AWS Glue
Developer Guide

Logging AWS Glue Operations Using AWS CloudTrail

AWS Glue is integrated with AWS CloudTrail, a service that provides a record of actions taken by a user, a role, or an AWS service in AWS Glue. If you create a trail, you can enable continuous delivery of CloudTrail events to an Amazon S3 bucket, Amazon CloudWatch Logs, and Amazon CloudWatch Events. Using the information collected by CloudTrail, you can determine the request that was made to AWS Glue, the IP address from which the request was made, who made the request, when it was made, and additional details.

To learn more about CloudTrail, including how to configure and enable it, see the AWS CloudTrail User Guide.

AWS Glue Information in CloudTrail

Every event or log entry contains information about who generated the request. The identity information helps you determine the following:

  • Whether the request was made with root or IAM user credentials.

  • Whether the request was made with temporary security credentials for a role or federated user.

  • Whether the request was made by another AWS service.

For more information, see the CloudTrail userIdentity Element.

You can also create a trail and store your log files in one of your Amazon S3 buckets for as long as you want. A trail is a configuration that enables delivery of events as log files to an Amazon S3 bucket that you specify. You can then define Amazon S3 lifecycle rules to archive or delete log files automatically. By default, your log files are encrypted with Amazon S3 server-side encryption (SSE).

An event in a CloudTrail log file represents a single request from any source. It includes information about the requested action, the date and time of the action, request parameters, and so on. These events don't necessarily appear in the order the requests were made, or in any particular order at all.

All AWS Glue actions are logged by CloudTrail. For example, calls to CreateDatabase, CreateTable, and CreateScript all generate entries in the CloudTrail log files.

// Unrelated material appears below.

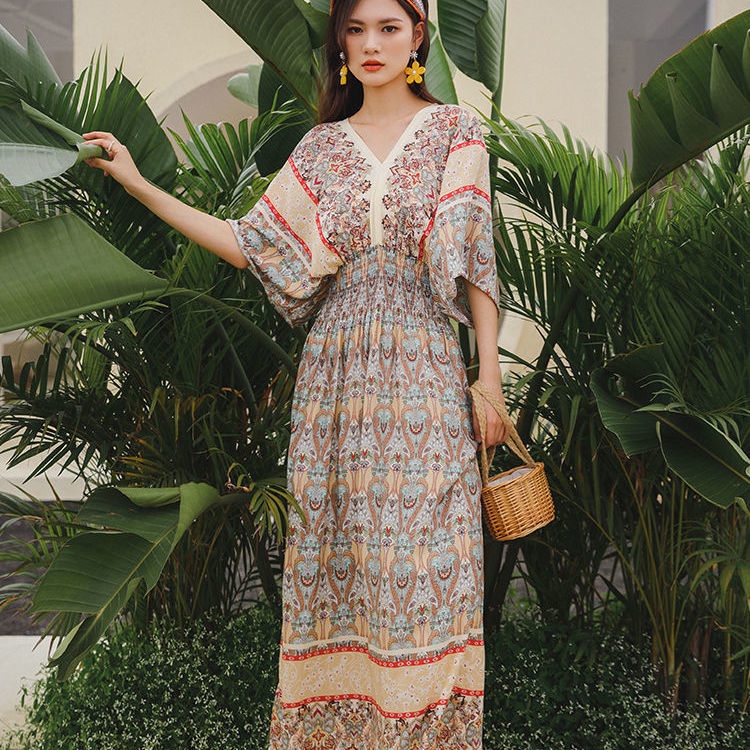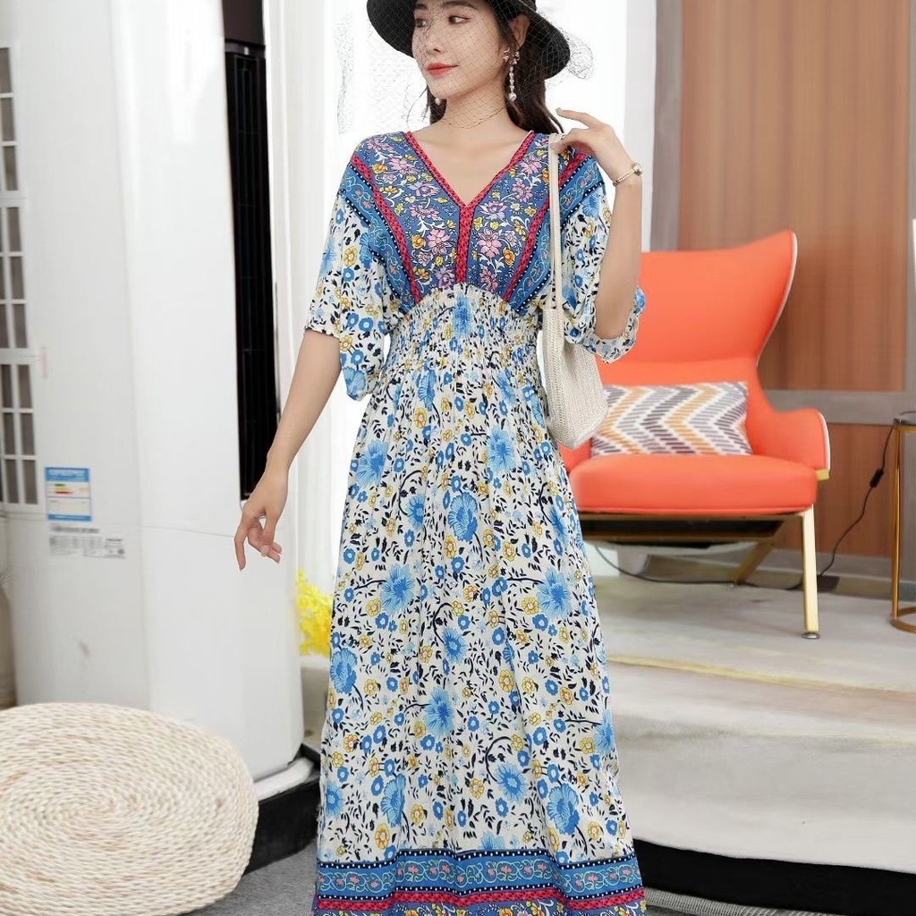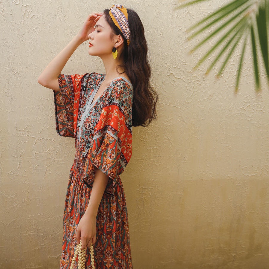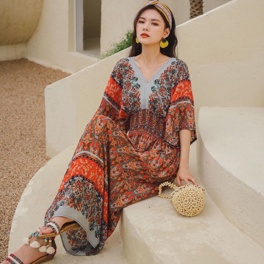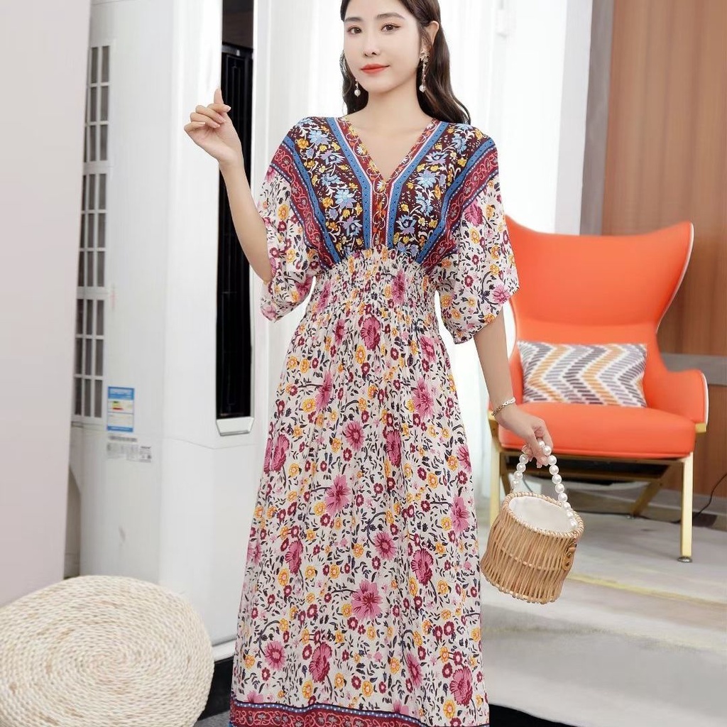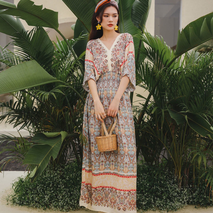 New Year Clothes 2024 cheongsam cheongsam cny dress New Year dress Indonesia dress Female Thai Bohemian Ethnic Style Retro Long dress Seaside Vacation Beach dress

However, CloudTrail doesn't log all information regarding calls. For example, it doesn't log certain sensitive information, such as the ConnectionProperties used in connection requests, and it logs a null instead of the responses returned by the following APIs:

BatchGetPartition GetCrawlers GetJobs GetTable CreateScript GetCrawlerMetrics GetJobRun GetTables GetCatalogImportStatus GetDatabase GetJobRuns GetTableVersions GetClassifier GetDatabases GetMapping GetTrigger GetClassifiers GetDataflowGraph GetObjects GetTriggers GetConnection GetDevEndpoint GetPartition GetUserDefinedFunction GetConnections GetDevEndpoints GetPartitions GetUserDefinedFunctions GetCrawler GetJob GetPlan

To be notified of log file delivery, configure CloudTrail to publish Amazon SNS notifications when new log files are delivered. For more information, see Configuring Amazon SNS Notifications for CloudTrail.

You can also aggregate AWS Glue log files from multiple AWS Regions and multiple AWS accounts into a single Amazon S3 bucket. For more information, see Receiving CloudTrail Log Files from Multiple Regions and Receiving CloudTrail Log Files from Multiple Accounts.

CloudTrail Log File Entries for AWS Glue

The following example shows the kind of CloudTrail log entry that a DeleteCrawler call generates:

{ "eventVersion": "1.05", "userIdentity": { "type": "IAMUser", "principalId": "AKIAIOSFODNN7EXAMPLE", "arn": "arn:aws:iam::123456789012:user/johndoe", "accountId": "123456789012", "accessKeyId": "AKIAIOSFODNN7EXAMPLE", "userName": "johndoe" }, "eventTime": "2017-10-11T22:29:49Z", "eventSource": "", "eventName": "DeleteCrawler", "awsRegion": "us-east-1", "sourceIPAddress": "", "userAgent": "aws-cli/1.11.148 Python/3.6.1 Darwin/16.7.0 botocore/1.7.6", "requestParameters": { "name": "tes-alpha" }, "responseElements": null, "requestID": "b16f4050-aed3-11e7-b0b3-75564a46954f", "eventID": "e73dd117-cfd1-47d1-9e2f-d1271cad838c", "eventType": "AwsApiCall", "recipientAccountId": "123456789012" }

This example shows the kind of CloudTrail log entry that a CreateConnection call generates:

{ "eventVersion": "1.05", "userIdentity": { "type": "IAMUser", "principalId": "AKIAIOSFODNN7EXAMPLE", "arn": "arn:aws:iam::123456789012:user/johndoe", "accountId": "123456789012", "accessKeyId": "AKIAIOSFODNN7EXAMPLE", "userName": "johndoe" }, "eventTime": "2017-10-13T00:19:19Z", "eventSource": "", "eventName": "CreateConnection", "awsRegion": "us-east-1", "sourceIPAddress": "", "userAgent": "aws-cli/1.11.148 Python/3.6.1 Darwin/16.7.0 botocore/1.7.6", "requestParameters": { "connectionInput": { "name": "test-connection-alpha", "connectionType": "JDBC", "physicalConnectionRequirements": { "subnetId": "subnet-323232", "availabilityZone": "us-east-1a", "securityGroupIdList": [ "sg-12121212" ] } } }, "responseElements": null, "requestID": "27136ebc-afac-11e7-a7d6-ab217e5c3f19", "eventID": "e8b3baeb-c511-4597-880f-c16210c60a4a", "eventType": "AwsApiCall", "recipientAccountId": "123456789012" }